10. The first positive electrode material and the second positive electrode material are, The first positive electrode material is obtained by sintering a first mixture containing a first precursor and a first lithium source under first conditions, and then sintering a second mixture containing a second precursor and a second lithium source under second conditions. The molecular formulas of the first and second precursors are [Ni r Co s M t Q u ]TM is such that 0.60 ≤ r < 1.0, 0 < s < 0.30, 0 < t < 0.30, 0 ≤ u < 0.20, M is Mn and / or Al, Q is selected from at least one of Zr, Mg, Ti, Te, Al, Ca, Sr, Sb, Nb, Pb, V, Ge, Se, W, Mo, Zn, Ce and Y, and TM is CO 3 2- and / or OH - The first sintering temperature in the first condition and the second sintering temperature in the second condition are both selected from 750 to 980°C. The method according to claim 9, wherein the difference between the amount of second lithium per mole of the second precursor in the second mixture and the amount of first lithium per mole of the first precursor in the first mixture is 0.005 to 0.
1.
11. The step of obtaining the single-crystal cathode material is to coat and sinter a mixture containing a first cathode material and a second cathode material, The step of sintering the mixture under a temperature of 480 to 520°C for 2 to 3 hours to obtain an intermediate mixture, The method according to claim 9 or 10, comprising the step of coating and sintering the mixture of the intermediate mixture and the coating agent to obtain the single-crystal cathode material.

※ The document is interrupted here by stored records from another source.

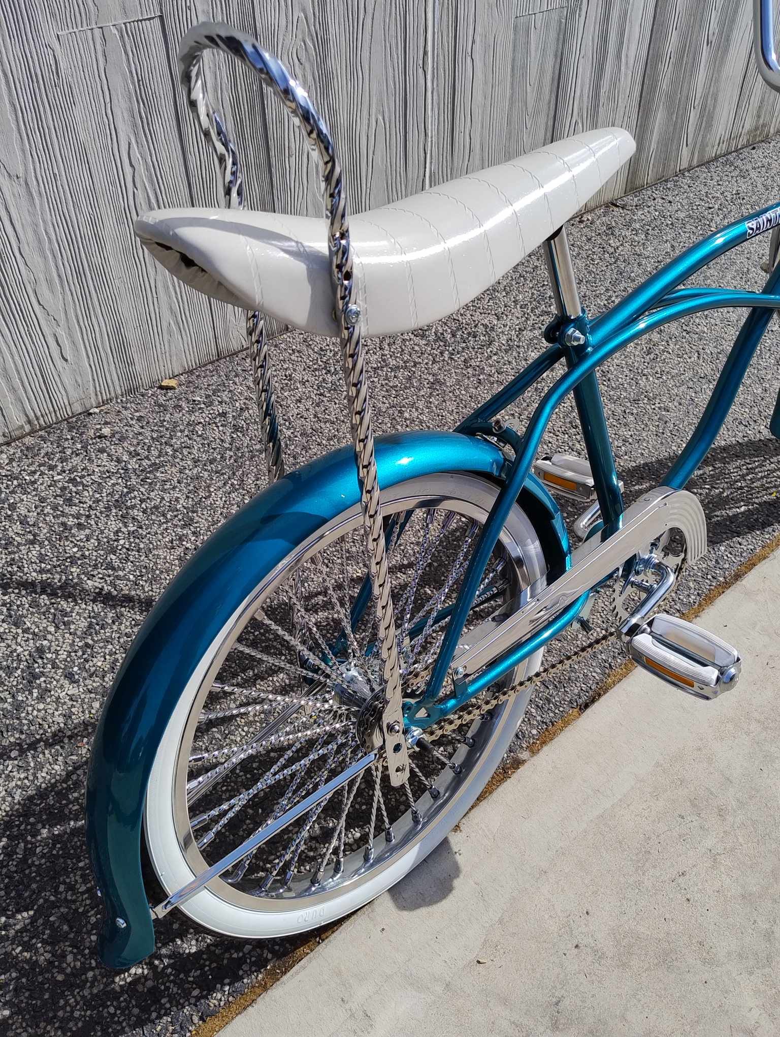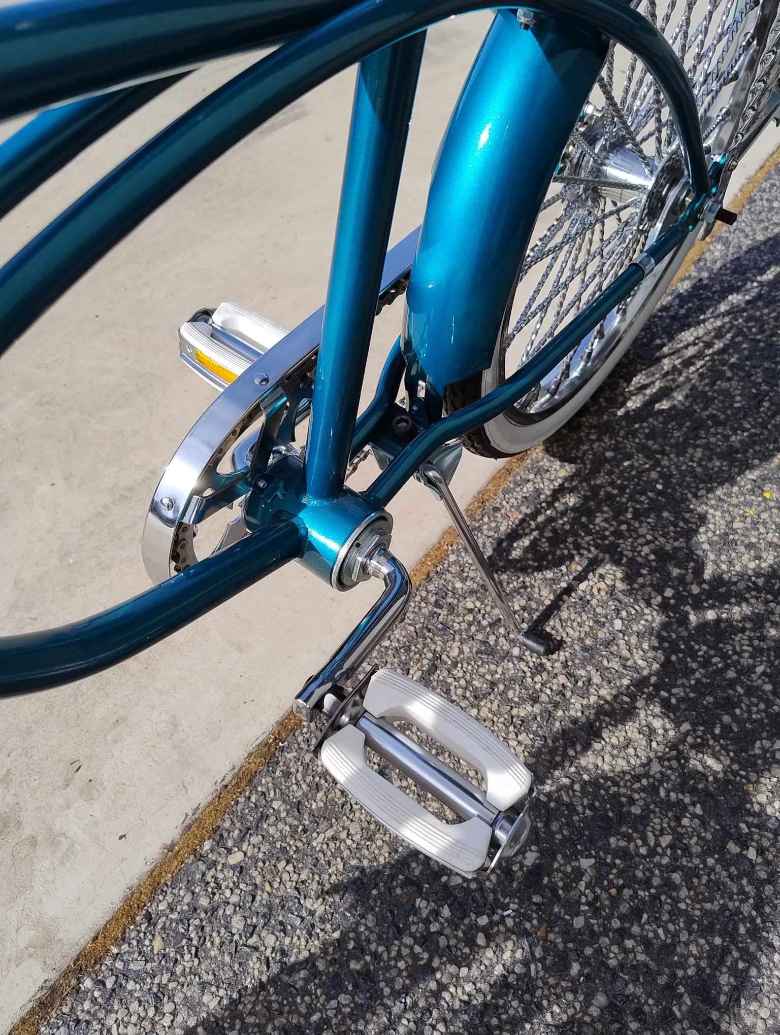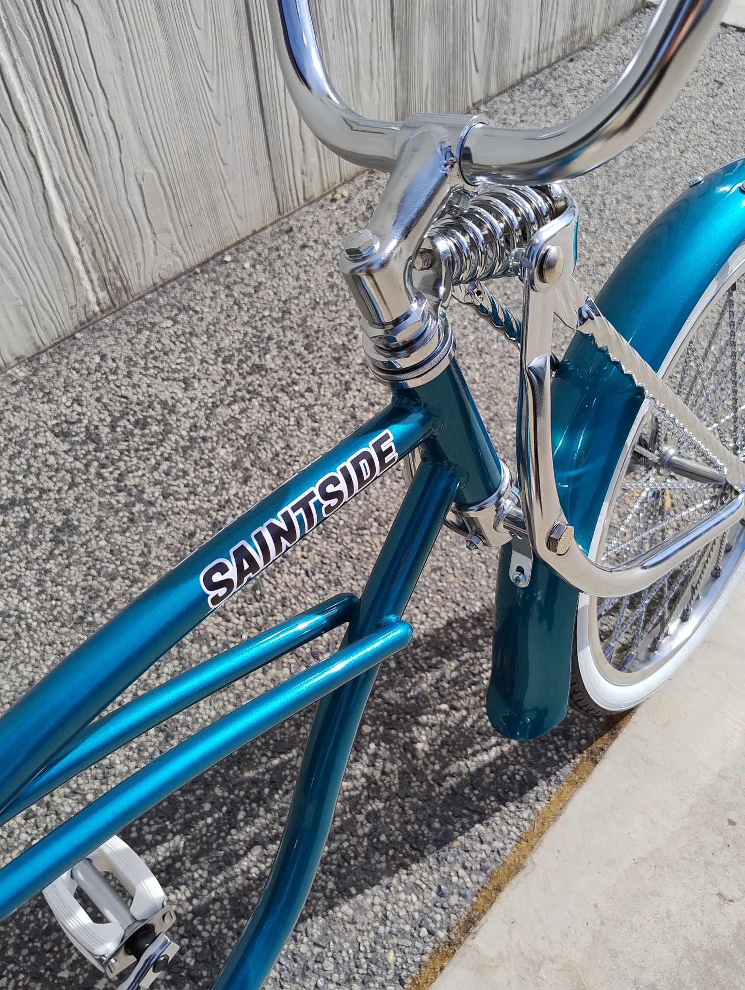 Custom mix metallic teal custom paint work across frame, front and rear guard, and a lowrider style build balanced with square twist chrome parts, set off by chrome twisted 36 spoke chrome rims.
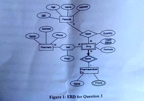 ii. Implement prescribed table such that patientNo and drugNo have the same values as in Patient and Drug tables. Also ensures that when system administrator will modify either patientNo or drugNo or both the values should be reflected on prescribed table and when the administrator will try to delete patientNo or drugNo values in their parent tables the operation should fail. Lastly, ensure that the unit per day ranges from 1 to 3. (3 Marks)
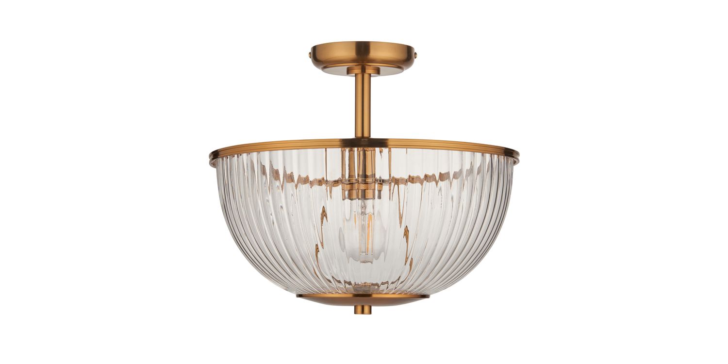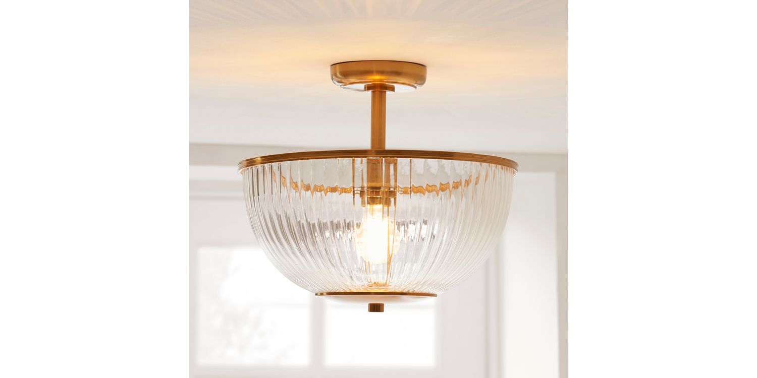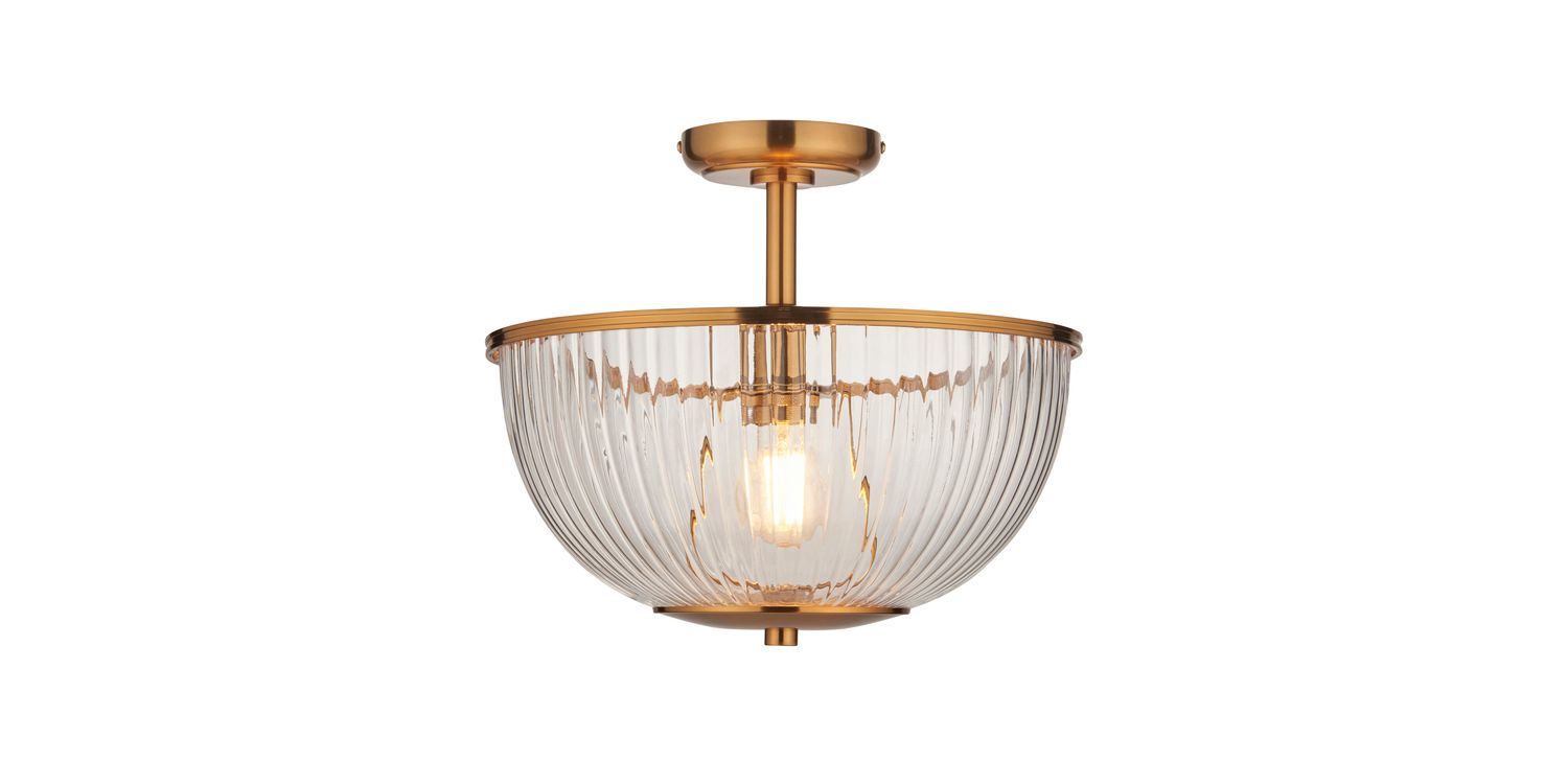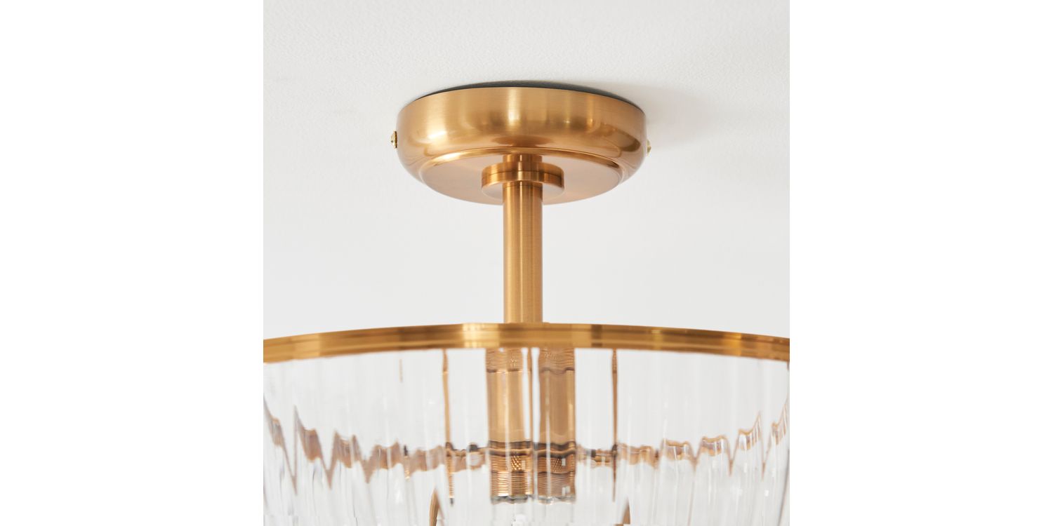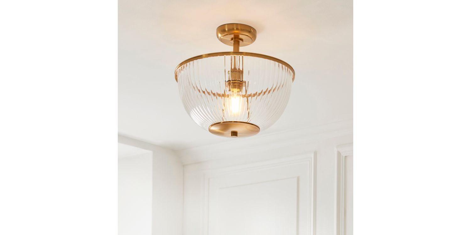 This refined E27 flush light pairs timeless elegance with understated design. Featuring a ribbed clear glass bowl shade with classic shaped banding in warm brass, it casts a diffused glow ideal for lower ceilings or compact spaces. Perfect for hallways, bedrooms, or living areas, its sleek flush fitting provides a clean, tailored look while adding a touch of classic sophistication to your home.
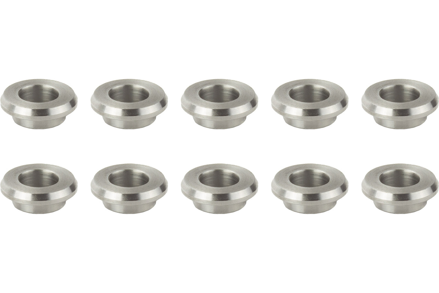 These are a new version of our weld washers. These are designed to fix a mounting hole that has be ovaled out. They are designed with 1/4" depth, as in the OD will press down 1/4" into the drilled hole. The drill bit size for each washer:
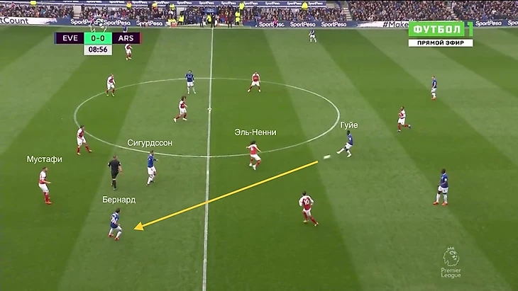 В начале-середине первого тайма четко прослеживалась задача "Эвертона" строить атаки через левый фланг "Арсенала". Мотивы понятны – там находятся Озил и Мэйтленд-Найлз. Даже учитывая, что Месут заметно прибавил в работе без мяча, а англичанин постоянно учится, на бумаге их фланг – подарок для соперника.
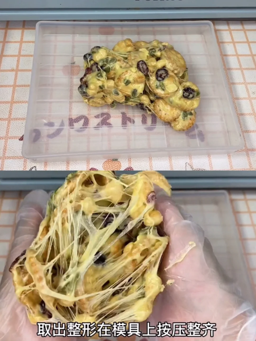 做好之后就可以将其取出放在模具上进行按压整理了,做好形状之后再撒上一层奶粉冷却切块就可以了。
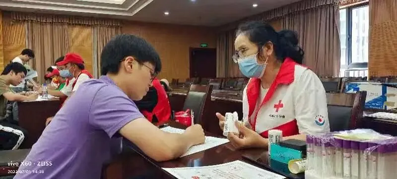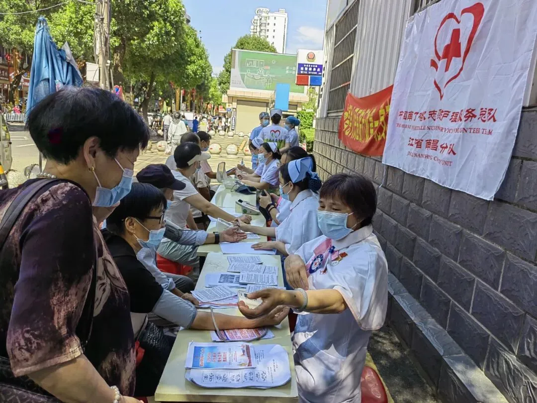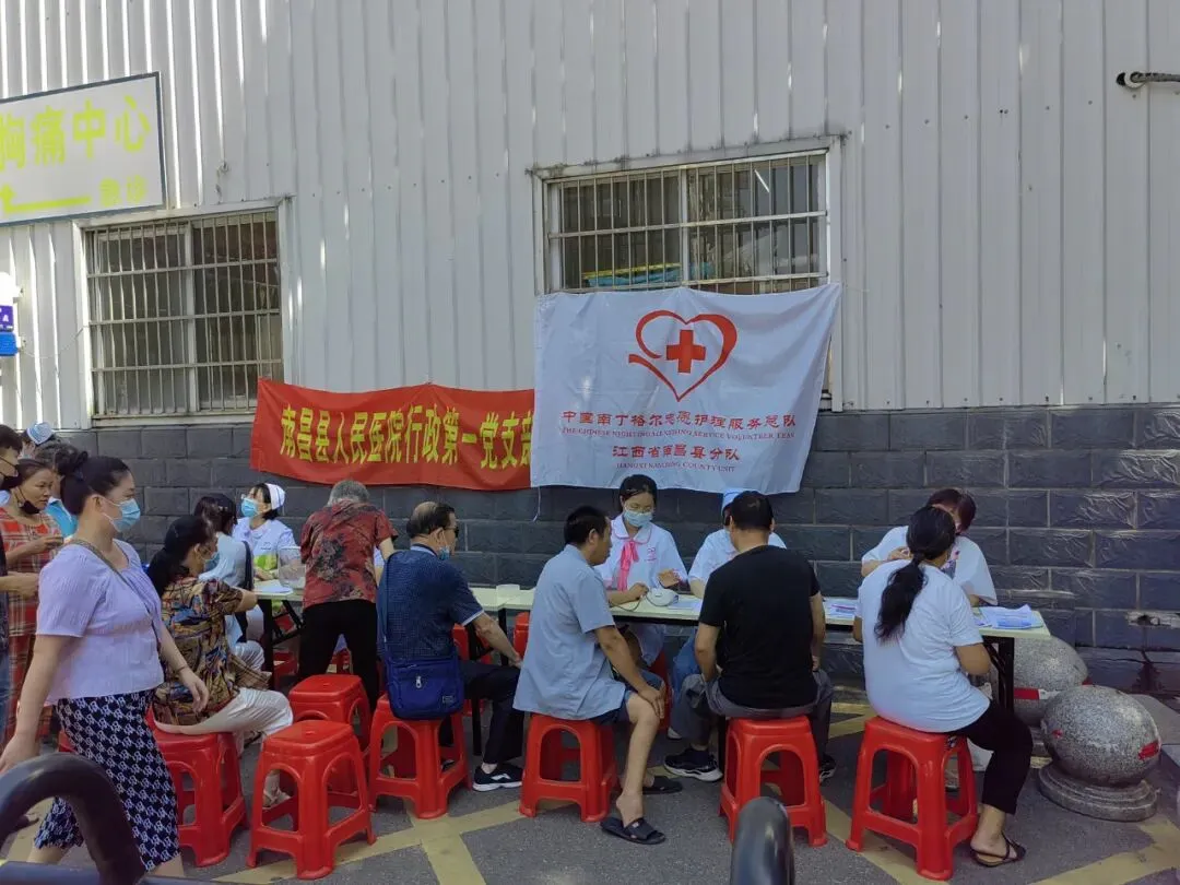 7月1日上午,南昌县南丁格尔志愿服务队组织7名志愿者来到莲塘镇向阳路开展“庆七一,迎二十大”健康义诊活动,用实际行动迎接党的生日和党的二十大召开。
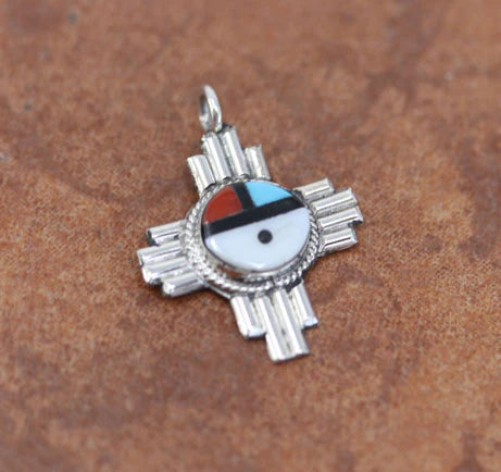 Sterling Silver Zuni Multi-Stone Sunface Cross Pendant
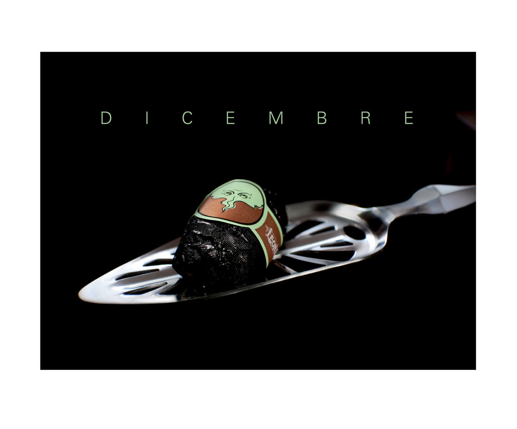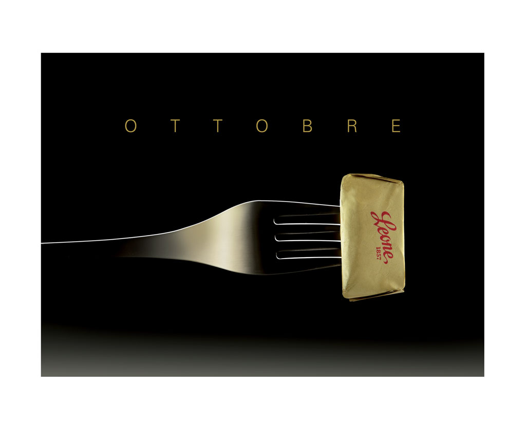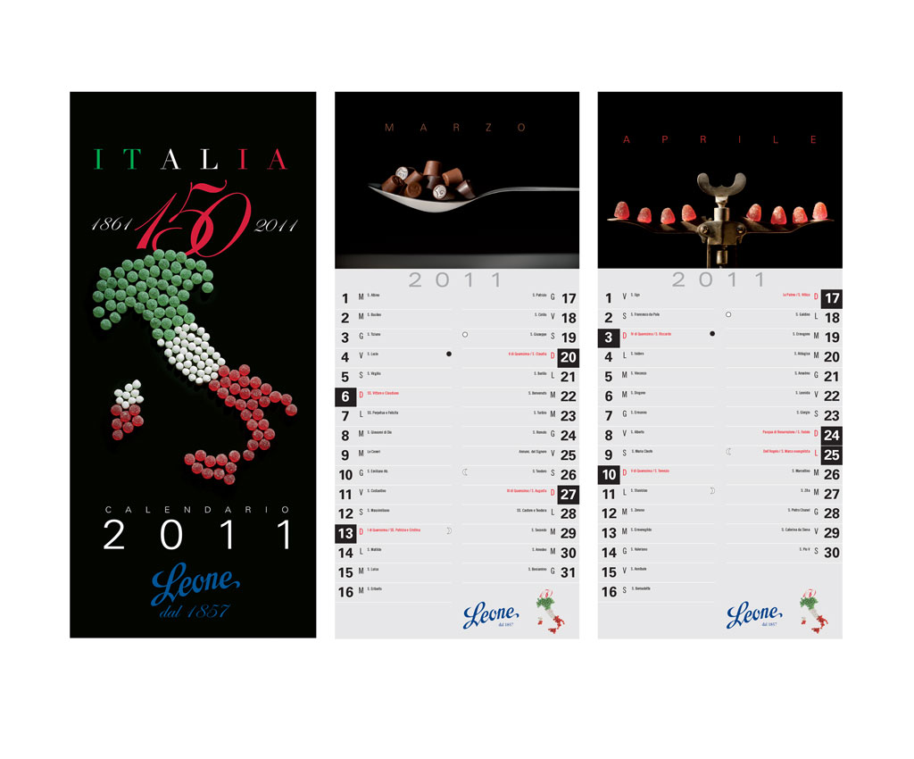La copertina celebra i Centocinquant’anni anni dell’Unità d’Italia mentre nelle altre immagini i prodotti Leone, anziché in pasticceria, entrano in cucina a giocare con gli attrezzi del mestiere.

12. A method for producing a single-crystal cathode material according to any one of claims 1 to 8, The process includes the steps of coating and sintering a first positive electrode material and a second positive electrode material, mixing the resulting coated sintered products, and obtaining the single-crystal positive electrode material. The mass ratio between the first positive electrode material and the second positive electrode material is 2:3 to 3:2, the average particle size of the first positive electrode material is 1.0 to 2.0 μm, the average particle size of the second positive electrode material is 2.5 to 6.0 μm, and the difference between the residual alkali content on the surface of the second positive electrode material and the residual alkali content on the surface of the first positive electrode material is greater than 500 ppm. The molecular formulas of the first cathode material and the second cathode material are Li 1+a [Ni x Co y M z Q b ]O 2±c A d A method for producing a single-crystal cathode material wherein 0 ≤ a < 0.20, 0.60 ≤ x < 1.0, 0 < y < 0.30, 0 < z < 0.30, 0 ≤ b < 0.20, c ≤ 0.02, 0 ≤ d ≤ 0.05, and x + y + z + b = 1, M is Mn and / or Al, Q is selected from at least one of Zr, Mg, Ti, Te, Ca, Sr, Sb, Nb, Pb, V, Ge, Se, W, Mo, Zn, Ce and Y, and A is selected from at least one of F, Cl and S.
13. A lithium-ion battery comprising the single-crystal cathode material according to any one of claims 1 to 8.